Scholz kam nicht darum herum, dem französischen Präsidenten für diesen Versuch, „Europas Souveränität zu stärken“, wenigstens nachträglich seinen Dank auszusprechen. Wie Macron schon vor fünf Jahren verlangt hatte, müssten „im Wettbewerb um moderne Technologien, bei der Sicherung von Rohstoffen, bei der Energieversorgung oder in der Raumfahrt“ die Kräfte in Europa dort vereint werden, wo die Nationalstaaten allein überfordert wären.
Macron möchte da viel weitergehen: Erforderlich sei eine deutsch-französische Pionierarbeit, damit die EU nicht nur mit der Strategie „Made in Europe 2030“ eine Spitzenposition in der innovativen Industrie einnimmt, sondern auch politisch als Macht ernst genommen werden muss.
Emmanuel Macron
Die Ergebnisse des gemeinsamen Ministerrats, die Ende des Nachmittags vorgestellt wurden, tönen im Vergleich zu vage und etwas hohl. Die geplanten Maßnahmen gegen den amerikanischen Protektionismus des Inflation Reduction Act dagegen bleiben eine allgemeine Absichtserklärung. Immerhin soll Deutschland sich zur Zusammenarbeit im Bereich der Wasserstoffproduktion der iberisch-französischen Gruppe H2Med anschließen. Auch bei den Gasimporten soll die Kooperation verbessert werden.
Und auch in der Diskussion über militärische Rüstung möchte man sich mit einer Aufgabenteilung näher kommen: Frankreich entwickelt den neuen Kampfjet, während Deutschland den gemeinsame Panzer konstruiert.
Weiterhin offen bleibt auch die Frage der Lieferung von schweren Panzern, vom Typ Leopard 2 aus Deutschland und Leclerc aus Frankreich, an die Ukraine.

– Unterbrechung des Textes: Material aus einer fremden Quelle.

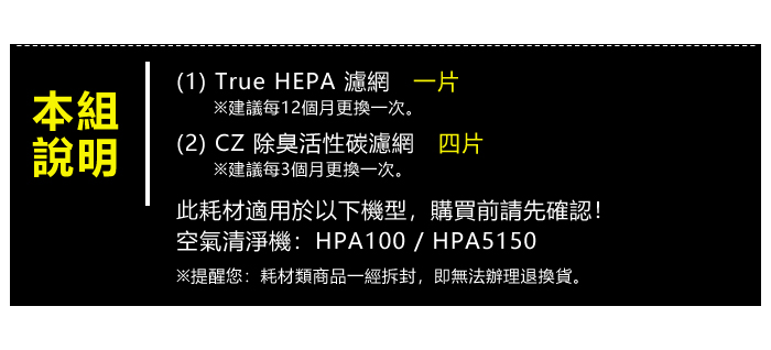 適用機型:Honeywell 空氣清淨機 HPA-100、HPA-5150
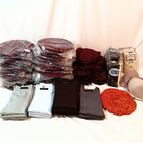 This lot (140) includes Linda Leal Sleeveless Shells NWT Tops. Assorted Sizes & Colors: Brown, Sage Green, Gray, Light Blue. Headwear: Beret Hats Adjustable One Size Fits All Bandanas Regular and Petit Size Tights Bras
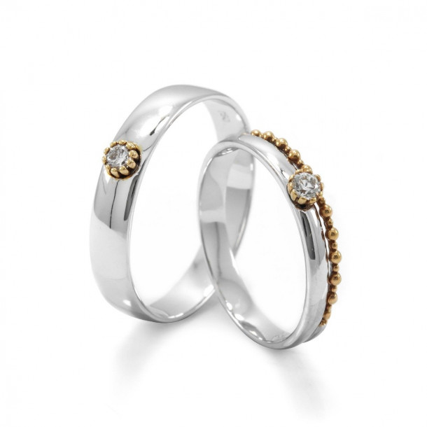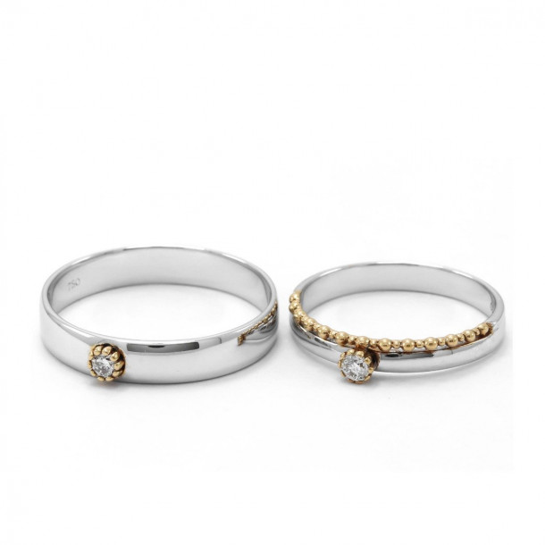 Cincin kawin ini dilengkapi pula dengan kilauan berlian berukuran 0,075 karat yang membuat tampilan cincin pria dan wanita semakin indah. Berlian tersebut dilindungi dengan sebuah aksen berwarna emas pada bagian sisi samping untuk menjaganya dari benturan. Meskipun penampilannya unik tapi cincin kawin ini memiliki kualitas yang baik.
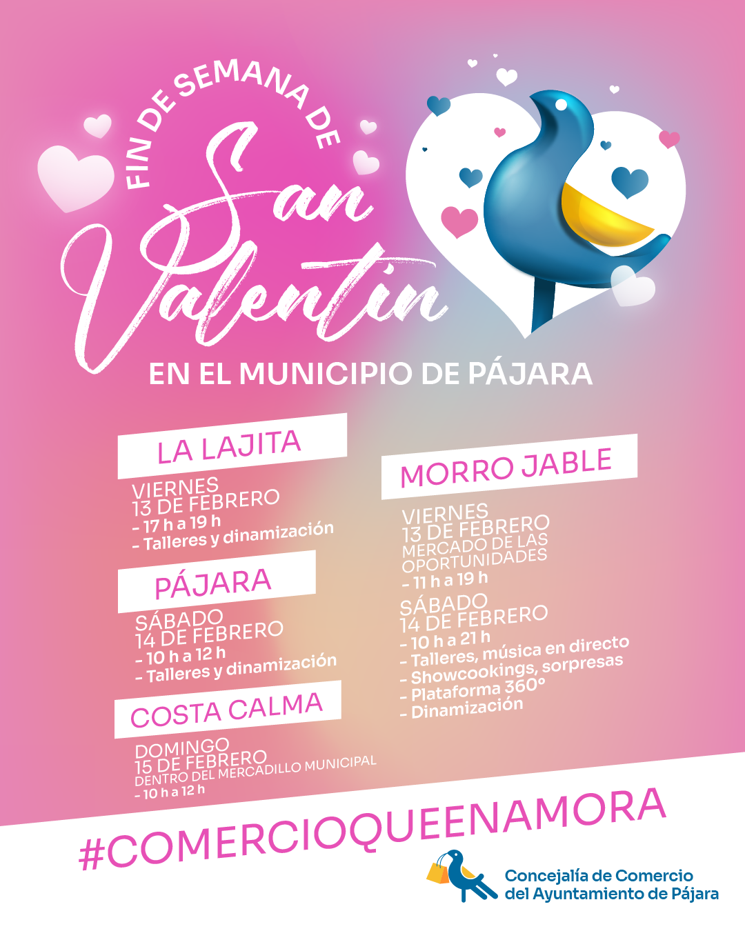 El Ayuntamiento de Pájara pone en marcha la campaña ‘Comercio que enamora’, una iniciativa que ofrece talleres y actividades dinamizadoras, dirigida a todas las edades, para celebrar San Valentín. Los diferentes eventos tendrán lugar desde mañana viernes, 13 de febrero, hasta este domingo, 15 de febrero, en La Lajita, Pájara, Costa Calma y Morro Jable.

Scholz berief sich auf weitere Diskussionen mit den Alliierten, und Macron meinte unverbindlich: „Nichts ist ausgeschlossen.“ Er fügte aber an, es gelte eine „Eskalation zu vermeiden“. Außenministerin Annalena Baerbock meinte nach einem Treffen des gemeinsamen Verteidigungs- und Sicherheitsrats, Deutschland werde sich nicht widersetzen, wenn Polen seine Leopard-Panzer in die Ukraine schicke.